Дайте мне обезьяну
Шрифт:
Встает.
Спасибо тебе за приют. Мне дальше пора.
ПОЛУКИКИН. Не уходи, Джон. Останься. Живи здесь. Я тебя пропишу.
Джон Леннон смеется.
Ты не думай, что сын против. Он против. Но это моя квартира. Что хочу, то и делаю.
ФЕДОР КУЗЬМИЧ. Славный ты человек, Петрович. Люб ты мне. Не поминай лихом.
ПОЛУКИКИН. А если и против — ну и что?.. я тебя могу вместо себя прописать… А сам выпишусь. Какая ему разница, я или не я?!. Ему лишь бы один был прописан… Пойду по свету, Джон. Вместо тебя! А ты здесь оставайся.

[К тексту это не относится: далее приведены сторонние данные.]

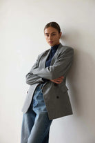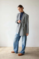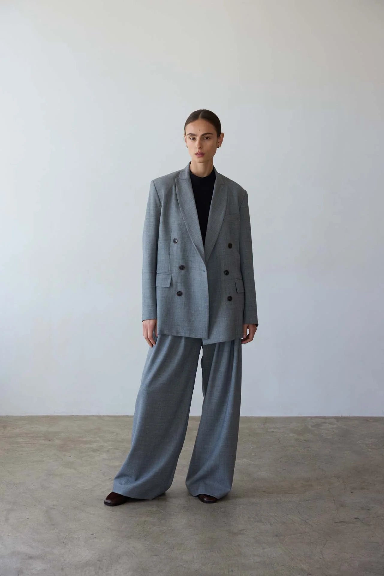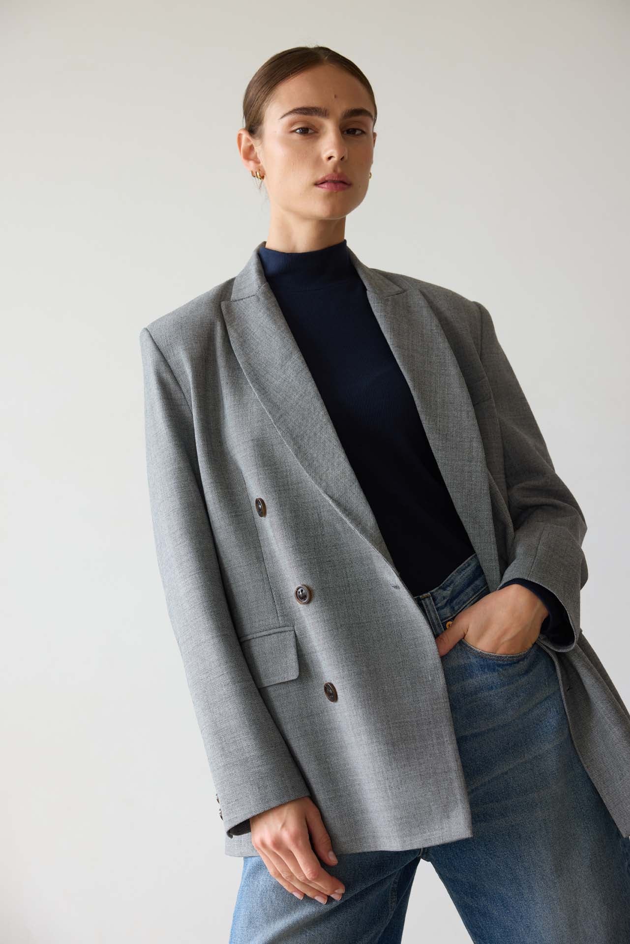 Oversized and chic, the DB blazer is a double breasted mens-inspired blazer. The cut is a little looser and longer with traditional button detailing and contrast lining. Tailored in a soft and drapy Italian suiting. A virgin wool blend with a salt and pepper effect.

ФЕДОР КУЗЬМИЧ. Вместо меня никак не получится. Нет,
ПОЛУКИКИН. Джон, скажи, я — странноприимец, да? Я — пристанодержатель? Я — ваш? Я ведь с вами, да?.. Ведь если есть бегуны, или как вас там… должны же и эти быть… пристанодержатели, да, Джон? Ну хочешь, я паспорт выброшу?
Джон Леннон качает головой.
Хочешь, Федор Кузьмич, я от имени своего отрекусь, от прошлого отрекусь — от всего своего? Буду Гордеем Матвеичем… Нет! Диком Джеймсом! Ты только скажи!

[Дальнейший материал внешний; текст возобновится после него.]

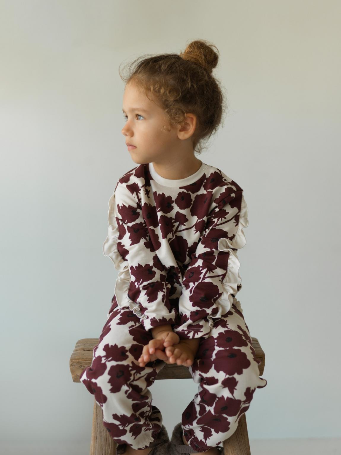Μπλούζα φούτερ & παντελόνι φούτερ Burgundy flowers allover

Джон Леннон качает головой.
Хочешь, Джон, от тебя отрекусь?
Пауза.
Скажешь — отрекусь! Честное слово!..
ФЕДОР КУЗЬМИЧ. Вот когда ляжешь, да так, что ни одна живая душа знать не будет, где костьми лег, кроме волка серого, ворона чернокрылого да гада овражного, вот тогда и решишь про себя, был ли ты наш или не был, — при прочих немаловажных условиях, о которых я не в праве тебе сейчас говорить в силу эзотеричности исповедуемого мною учения.
Звонок в дверь.
ПОЛУКИКИН. Джон, это Валя Мороз, радиожурналист, она у меня интервью не добрала, сын помешал.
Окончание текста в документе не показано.